A number when divided by 2 leaves a remainder of 1. When it is divided by 3 leaves a remainder 2. When it is divided by 4 it leaves a remainder of 3. And when it is divided by 5 it leaves remainder of 4. What should be the number ?
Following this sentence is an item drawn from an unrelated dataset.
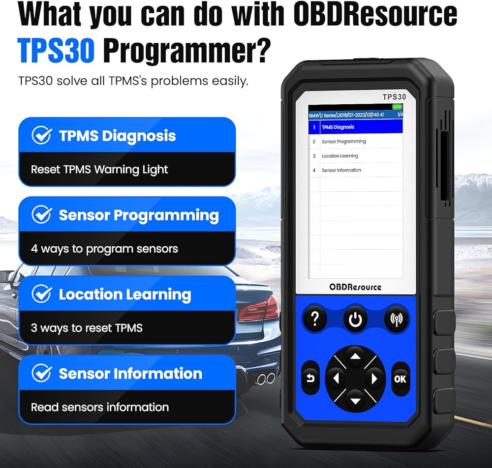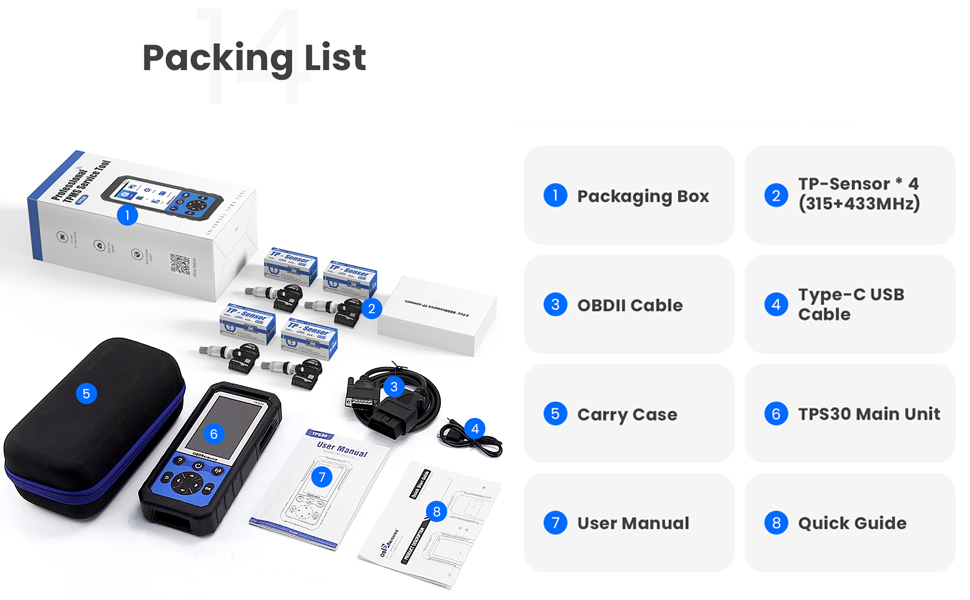 4 وظيفة TPMS في 1: مبرمج أداة برمجة TPMS العالمية، أداة تشخيص TPMS، أداة قارئ TPMS، أداة إعادة تعيين TPMS، أداة إعادة تعلم TPMS. وهذا يعني أنه يمكنك من خلال هذه الأداة برمجة المستشعر ثم تنشيطه، كما يمكن استخدامه لتشخيص نظام مراقبة ضغط الإطارات (TPMS) في الوقت اليومي.

Note : I already formulated some formula but I think it might not work:
x = 2a + 1
x = 3b + 2
x = 4c + 3
x = 5d + 4
On
Note that if $x \equiv 3 \pmod{4}$ you get 'for free' that $x \equiv 1 \pmod{2}$. So these two conditions toghether are equivalent to the first one. Thus, you're looking at
$$ \cases{ x \equiv 3 \pmod{4} \\ x \equiv 2 \pmod{3} \\ x \equiv 4 \pmod{5} }$$
By the chinese remainder theorem, this system of equations has a unique solution modulo $4\cdot3\cdot5 = 60$. The only numbers in $\{1,\dots,60\}$ that are congruent to $4$ modulo $5$ are
$$ 0, 4,9,14,19,24,29,34,39,44,49,54,59. $$
Now, our number is odd by the first observation, so we can reduce the former to check only these
$$ 9,19,29,39,49,59 $$
and finally, only $59$ here is $2$ modulo $3$. Thus, the solutions have the form
$$ 60k + 59 $$
or since $59 \equiv -1 \pmod{60}$,
$$ 60k -1 \quad (k \in \mathbb{Z}) $$
On
Continuing your thought: $$\begin{cases}x=2a+1\\x=3b+2\\x=4c+3\\x=5d+4\end{cases} \Rightarrow \begin{cases}x=2a+1\\2a+1=3b+2\\2a+1=4c+3\\2a+1=5d+4 \end{cases}\Rightarrow \begin{cases}x=2a+1\\a=\frac12(3b+1)\\3b+2=4c+3\\3b+2=5d+4 \end{cases}\Rightarrow \\ \begin{cases}x=2a+1\\a=\frac12(3b+1)\\b=\frac13(4c+1)\\ 4c+3=5d+4 \end{cases}\Rightarrow \begin{cases}x=2a+1\\a=\frac12(3b+1)\\b=\frac13(4c+1)\\ c=\frac14(5d+1) \end{cases}$$ Now you must solve the last Diophantine equation (or by trial and error) and find backwards: $$d=11,c=14,b=19,d=29,x=59.$$ Alternatively, using modular arithmetic: $$\begin{cases} x\equiv 1\pmod{2}\\ x\equiv 2\pmod{3}\\ x\equiv 3\pmod{4}\\ x\equiv 4\pmod{5}\end{cases} \Rightarrow \begin{cases} x=2a+1\\ 2a+1=2\pmod{3}\\ 2a+1=3\pmod{4}\\ 2a+1=4\pmod{5} \end{cases}\Rightarrow \begin{cases} x=2a+1\\ a\equiv 2\pmod{3}\\ a\equiv 1\pmod{2}\\ a\equiv 4\pmod{5} \end{cases}\Rightarrow \\ \begin{cases} x=2a+1\\ a=3b+2\\ 3b+2\equiv1\pmod{2}\\ 3b+2\equiv 4\pmod{5} \end{cases}\Rightarrow \begin{cases} x=2a+1\\ a=3b+2\\ b\equiv-1\pmod{2}\\ b\equiv 4\pmod{5} \end{cases}\Rightarrow \begin{cases} x=2a+1\\ a=3b+2\\ b=2c-1\\ 2c-1\equiv 4\pmod{5} \end{cases}\Rightarrow \\ \begin{cases} x=2a+1\\ a=3b+2\\ b=2c-1\\ c\equiv 0\pmod{5} \end{cases} \Rightarrow \begin{cases} \color{red}{x}=2(30n-1)+1=\color{red}{60n-1}\\ a=3(10n-1)+2=30n-1\\ b=2(5n)-1=10n-1\\ c=5n, n\in \mathbb Z \end{cases}$$
This is a classic problem in number theory solved by the Chinese remainder theorem. You can look up this algorithm many places, but indeed the (smallest) solution (as posted by @metamorphy) is $59$.